■ Data provided:
________________________________________

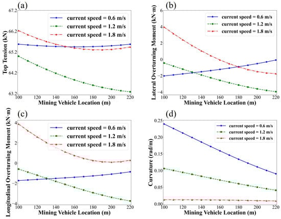 As shown in Figure 14, current velocities of 0.6 m/s, 1.2 m/s, and 1.8 m/s are selected for analysis. The results indicate that when the mining vehicle distance is less than 155 m, the top tension of the umbilical cable reaches its maximum at a current velcocity of 1.8 m/s. Conversely, when the mining vehicle distance exceeds 155 m, the top tension is highest at a current velcocity of 0.6 m/s. Regarding the lateral overturning moment of the mining vehicle, it is maximized at a current velcocity of 1.8 m/s when the mining vehicle distance is less than 180 m, whereas for distances greater than 180 m, the maximum occurs at a current velcocity of 0.6 m/s. Additionally, the longitudinal overturning moment is consistently highest at a current velcocity of 1.8 m/s. Further analysis reveals that as the current velcocity increases, the curvature of the umbilical cable decreases.
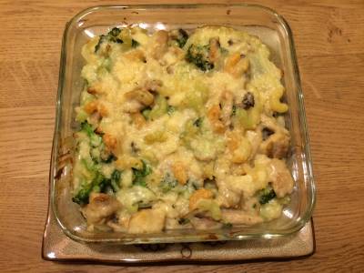 マカロニとブロッコリを加え、【ホワイトソース】を加えてあえて、火を止め、バター適量をぬったグラタン皿に入れる。粉チーズをふって220℃に熱したオーブンで10分間ほど焼く。
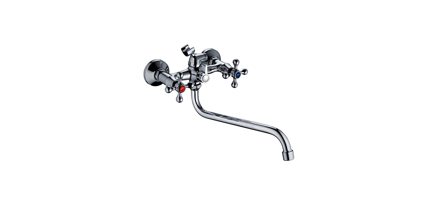 Смеситель позволяет регулировать поток воды и получать воду требуемой температуры при смешивании горячей и холодной воды. Смеситель имеет две ручки для регулирования подачи воды, а также душевой шланг с лейкой.

________________________________________

■ Problem statement:
Retype everything in the material word for word, minus pictures.

■ Output:
 As shown in Figure 14, current velocities of 0.6 m/s, 1.2 m/s, and 1.8 m/s are selected for analysis. The results indicate that when the mining vehicle distance is less than 155 m, the top tension of the umbilical cable reaches its maximum at a current velcocity of 1.8 m/s. Conversely, when the mining vehicle distance exceeds 155 m, the top tension is highest at a current velcocity of 0.6 m/s. Regarding the lateral overturning moment of the mining vehicle, it is maximized at a current velcocity of 1.8 m/s when the mining vehicle distance is less than 180 m, whereas for distances greater than 180 m, the maximum occurs at a current velcocity of 0.6 m/s. Additionally, the longitudinal overturning moment is consistently highest at a current velcocity of 1.8 m/s. Further analysis reveals that as the current velcocity increases, the curvature of the umbilical cable decreases.
 マカロニとブロッコリを加え、【ホワイトソース】を加えてあえて、火を止め、バター適量をぬったグラタン皿に入れる。粉チーズをふって220℃に熱したオーブンで10分間ほど焼く。
 Смеситель позволяет регулировать поток воды и получать воду требуемой температуры при смешивании горячей и холодной воды. Смеситель имеет две ручки для регулирования подачи воды, а также душевой шланг с лейкой.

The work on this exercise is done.